You MUST accept that the statement xy^2 <0 is a TRUTHFUL statement. Since we must accept that statement as true, then that by definition rules out the possibility that X or Y is zero. Thus, you can rule zero out when you test numbers.

That was a hard part for me too initially; realizing that the statement is true. IF the statement was not known to be true, then yes, it would be insufficient, but because DS statements on the GMAT are always true, then it's sufficient.

While you do understand your number properties, you need to understand how Data Sufficiency works in the GMAT.

You MUST accept that the statement xy^2 <0 is a TRUTHFUL statement. Since we must accept that statement as true, then that by definition rules out the possibility that X or Y is zero. Thus, you can rule zero out when you test numbers.

That was a hard part for me too initially; realizing that the statement is true. IF the statement was not known to be true, then yes, it would be insufficient, but because DS statements on the GMAT are always true, then it's sufficient.

Hope this helps.

Hello Turbine, Subhash, Thanks for the explanation..

I agree to what you are saying. Just have one more clarification. I have learnt that in DS, we should always try to prove the statement "not sufficient" which is a preferrable approach. For ex: if the number fails the condition mentioned then we have proved it as "not sufficient".

So my question is : 1. Do i always have to trust GMAT that the statements given are true ? or 2. Do i follow the strategy i mentioned above and go ahead and try to prove the statements not sufficient..

Actually, you must use both. I think you just have the application of the rules confused. You MUST accept both statements 1) and 2) as ALWAYS true.

However, your goal is to use each statement, one at a time, to prove that they are insufficient to answer the QUESTION. Do not try to disprove the statements, they are always true.

Here is what I mean: Let's say the question is "Does X + Y = 2?"

Statement 1): X>Y (X is greater than Y).

You must accept statement 1) as true. That means even if x and y are negative, fractions, squares, or whatever, X will ALWAYS be bigger than Y. BUT... Now your job is to see if that Statement is sufficient to answer the question "Does X +Y = 2". So now, you want to use your second tactic, by trying to prove that Statement 1) is insufficient.
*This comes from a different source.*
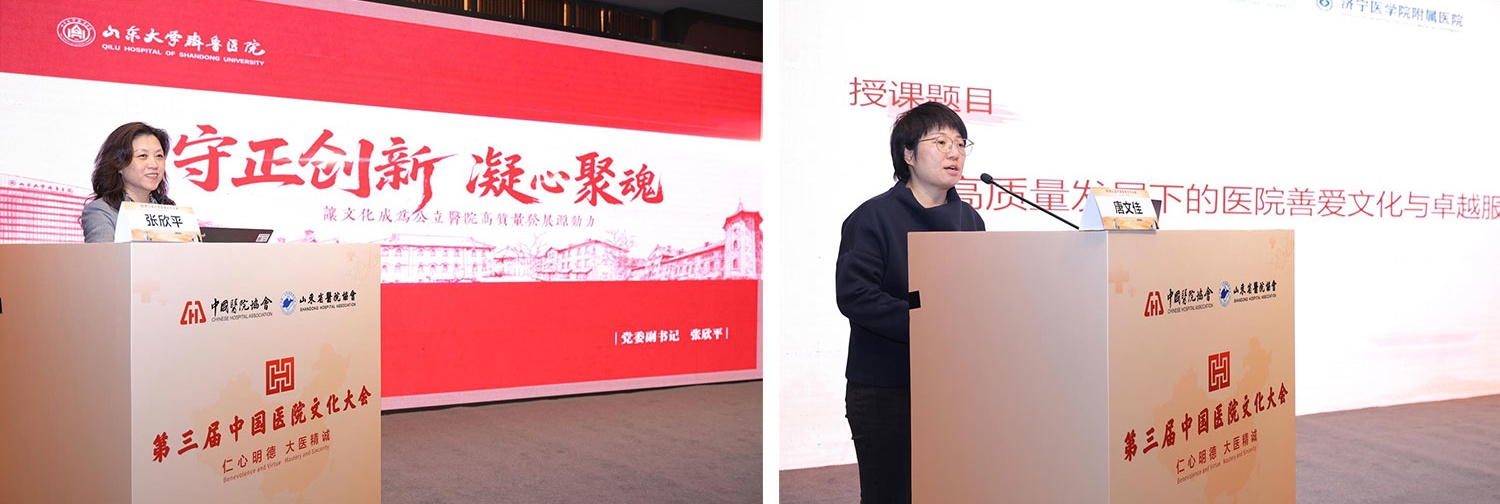 在学术报告环节,张欣平副书记作了题为“文化助力医院高质量发展的齐鲁实践”的专题报告,深入剖析了齐鲁医院如何通过文化建设推动医院在医疗技术、服务质量、人才培养等方面实现高质量发展,为健康传播提供了坚实的文化支撑;北京市卫生健康委宣传思想文化负责人分享了“立足首都大局,构建健康传播立体化特色体系”的报告,介绍了北京市在健康传播领域的创新举措和实践经验,为山东省健康传播工作提供了有益的借鉴;上海交通大学医学院附属瑞金医院精神文明办公室兼社会工作部主任唐文佳带来了“高质量发展下的医院善爱文化与卓越服务”的报告,阐述了善爱文化在医院服务中的重要作用,以及如何通过卓越服务提升患者的就医体验,为健康传播注入人文关怀的理念。

Let's say X can be 3 and Y can be 2 as per stmt 1). 3 is bigger than 2. This is True. But it does not tell us if X +Y equals 2, because X could also be 1/4 and Y could be 1/8, which does not equal 2.

Actually, you must use both. I think you just have the application of the rules confused. You MUST accept both statements 1) and 2) as ALWAYS true.

However, your goal is to use each statement, one at a time, to prove that they are insufficient to answer the QUESTION. Do not try to disprove the statements, they are always true.

Here is what I mean: Let's say the question is "Does X + Y = 2?"

Statement 1): X>Y (X is greater than Y).

You must accept statement 1) as true. That means even if x and y are negative, fractions, squares, or whatever, X will ALWAYS be bigger than Y. BUT... Now your job is to see if that Statement is sufficient to answer the question "Does X +Y = 2". So now, you want to use your second tactic, by trying to prove that Statement 1) is insufficient.

Let's say X can be 3 and Y can be 2 as per stmt 1). 3 is bigger than 2. This is True. But it does not tell us if X +Y equals 2, because X could also be 1/4 and Y could be 1/8, which does not equal 2.